Task to complete:
What is wanted is every line below from the one with "Woman working with" up to and including the one with "近日,独播库 苏州研究院电磁", retyped exactly, pictures excluded, nothing else.

══ Source records ══

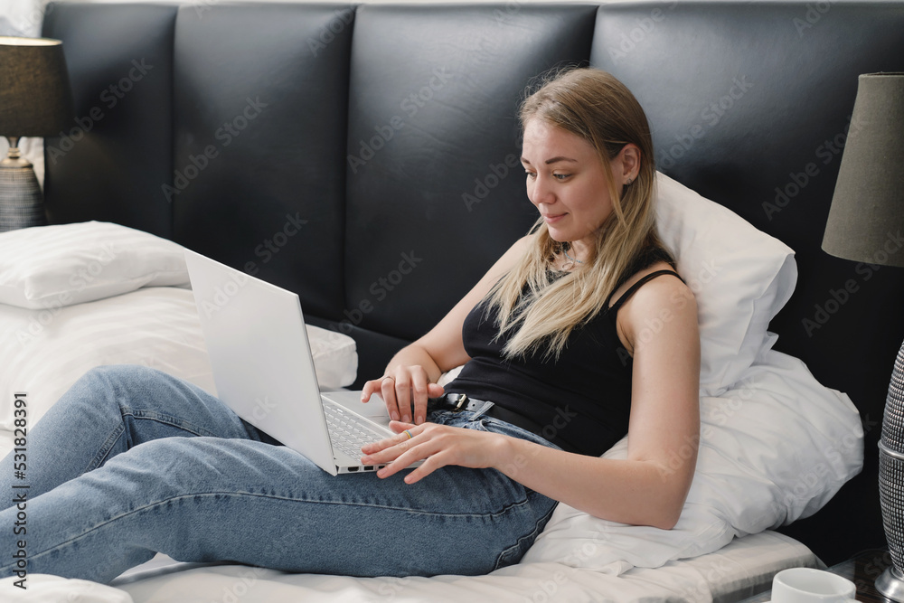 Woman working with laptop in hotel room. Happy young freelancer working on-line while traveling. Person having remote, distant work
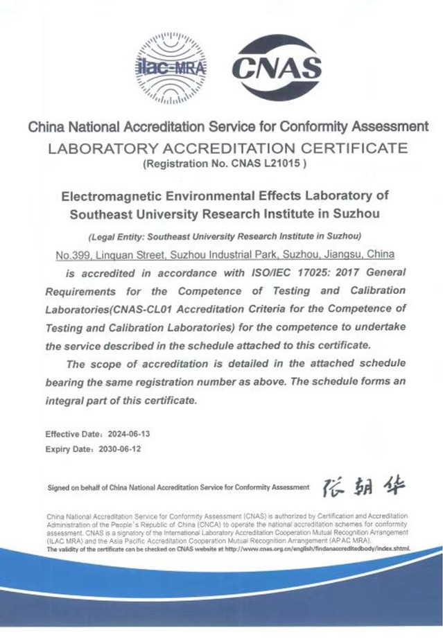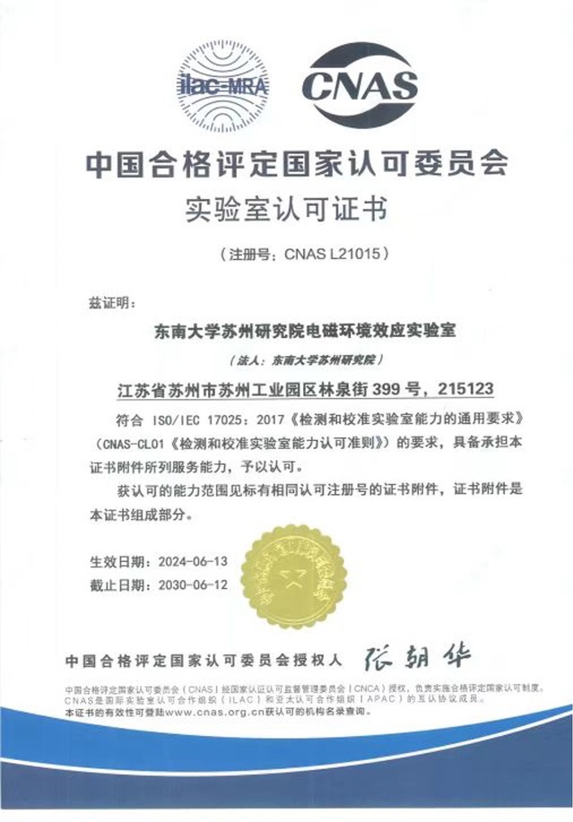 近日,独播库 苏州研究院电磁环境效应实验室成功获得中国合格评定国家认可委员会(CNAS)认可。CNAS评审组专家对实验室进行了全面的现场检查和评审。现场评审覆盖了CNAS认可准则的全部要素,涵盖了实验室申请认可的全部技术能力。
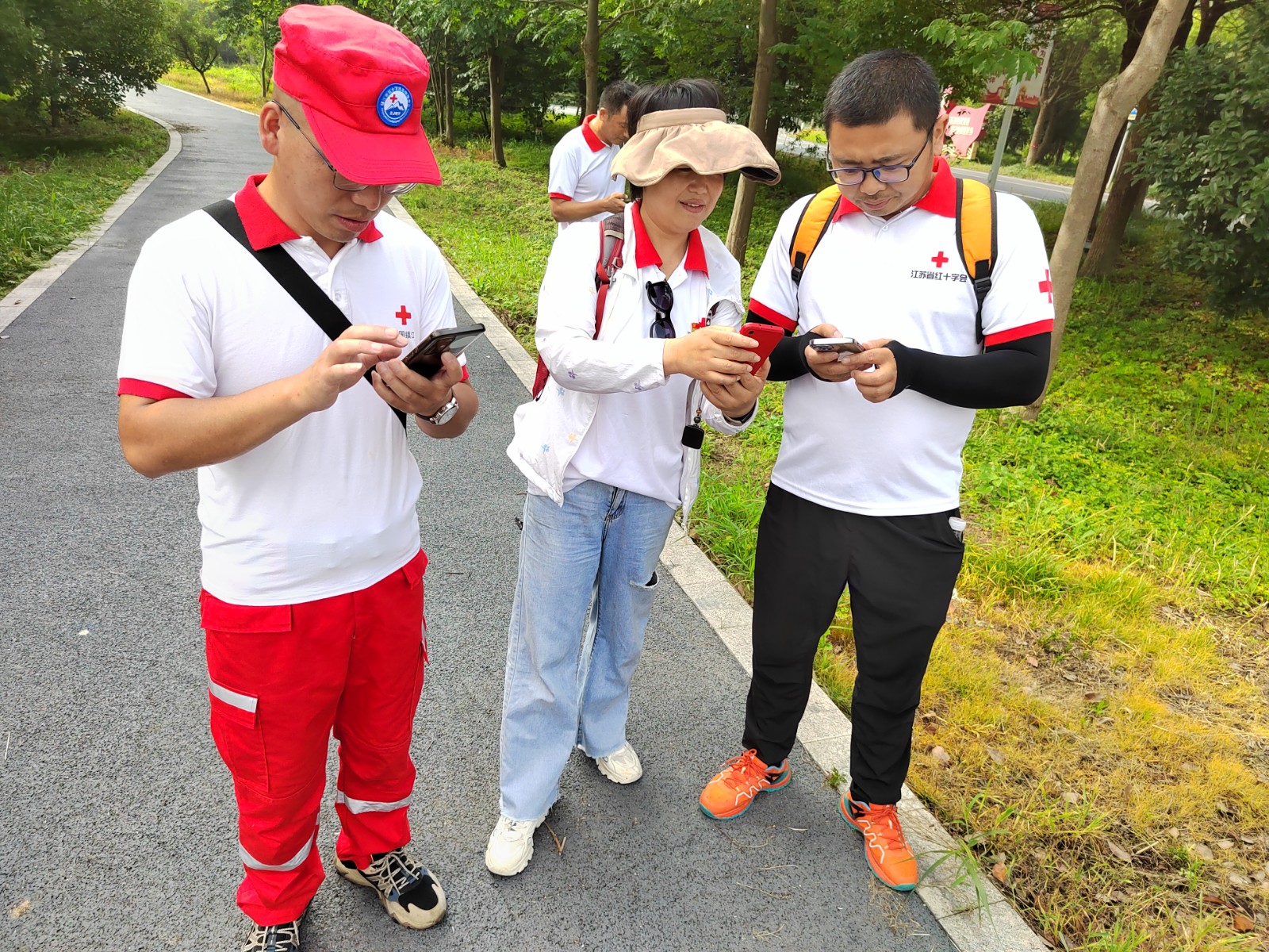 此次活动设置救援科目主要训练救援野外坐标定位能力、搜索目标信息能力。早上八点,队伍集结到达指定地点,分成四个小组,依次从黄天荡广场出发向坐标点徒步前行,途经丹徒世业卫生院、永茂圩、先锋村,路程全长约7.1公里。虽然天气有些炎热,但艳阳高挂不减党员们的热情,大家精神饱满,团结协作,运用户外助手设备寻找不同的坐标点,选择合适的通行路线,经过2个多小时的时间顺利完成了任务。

═══
══ Source records ══

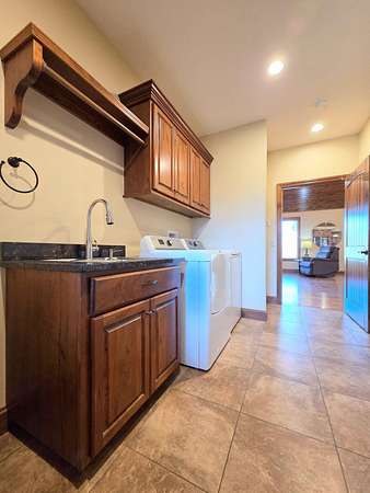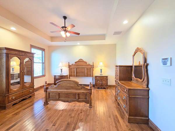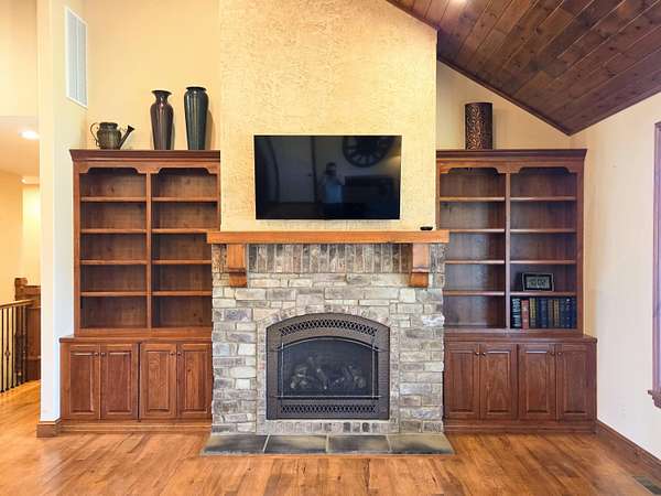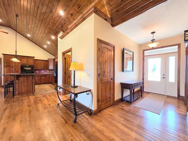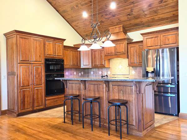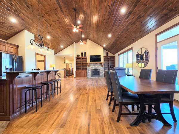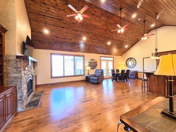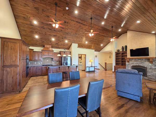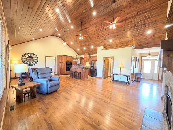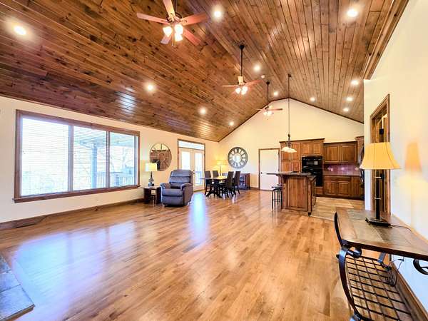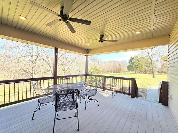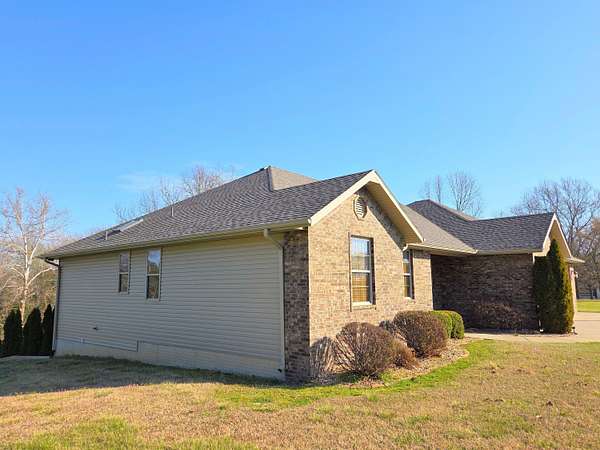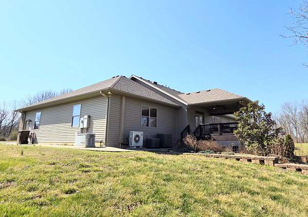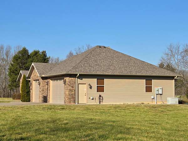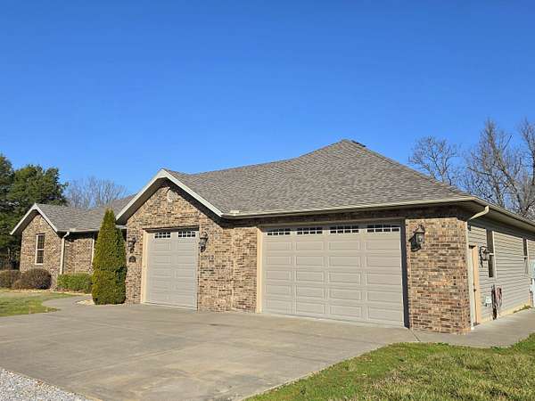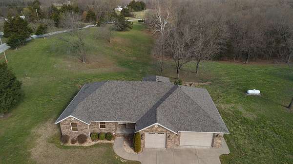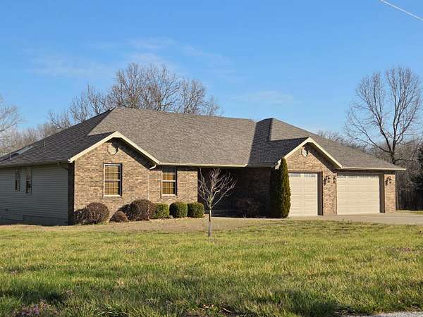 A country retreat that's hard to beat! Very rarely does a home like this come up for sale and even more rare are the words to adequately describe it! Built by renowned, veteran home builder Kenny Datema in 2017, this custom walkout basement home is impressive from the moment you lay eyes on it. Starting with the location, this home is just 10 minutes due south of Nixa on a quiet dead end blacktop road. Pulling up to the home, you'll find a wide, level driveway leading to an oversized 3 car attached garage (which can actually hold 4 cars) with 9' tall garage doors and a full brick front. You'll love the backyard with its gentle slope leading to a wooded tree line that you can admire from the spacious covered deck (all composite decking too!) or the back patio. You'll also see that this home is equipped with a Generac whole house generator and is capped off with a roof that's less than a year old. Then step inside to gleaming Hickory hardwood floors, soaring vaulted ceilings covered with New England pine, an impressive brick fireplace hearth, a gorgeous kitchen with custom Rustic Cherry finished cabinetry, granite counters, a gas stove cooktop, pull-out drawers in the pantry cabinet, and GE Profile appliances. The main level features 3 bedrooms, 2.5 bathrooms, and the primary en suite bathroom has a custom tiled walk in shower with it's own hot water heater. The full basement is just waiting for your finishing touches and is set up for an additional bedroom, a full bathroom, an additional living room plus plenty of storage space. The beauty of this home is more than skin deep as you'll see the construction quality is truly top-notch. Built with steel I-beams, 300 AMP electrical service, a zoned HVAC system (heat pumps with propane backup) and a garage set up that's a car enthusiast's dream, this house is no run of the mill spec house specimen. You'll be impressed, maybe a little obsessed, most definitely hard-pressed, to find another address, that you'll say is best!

═══

Task response:
 Woman working with laptop in hotel room. Happy young freelancer working on-line while traveling. Person having remote, distant work
 近日,独播库 苏州研究院电磁环境效应实验室成功获得中国合格评定国家认可委员会(CNAS)认可。CNAS评审组专家对实验室进行了全面的现场检查和评审。现场评审覆盖了CNAS认可准则的全部要素,涵盖了实验室申请认可的全部技术能力。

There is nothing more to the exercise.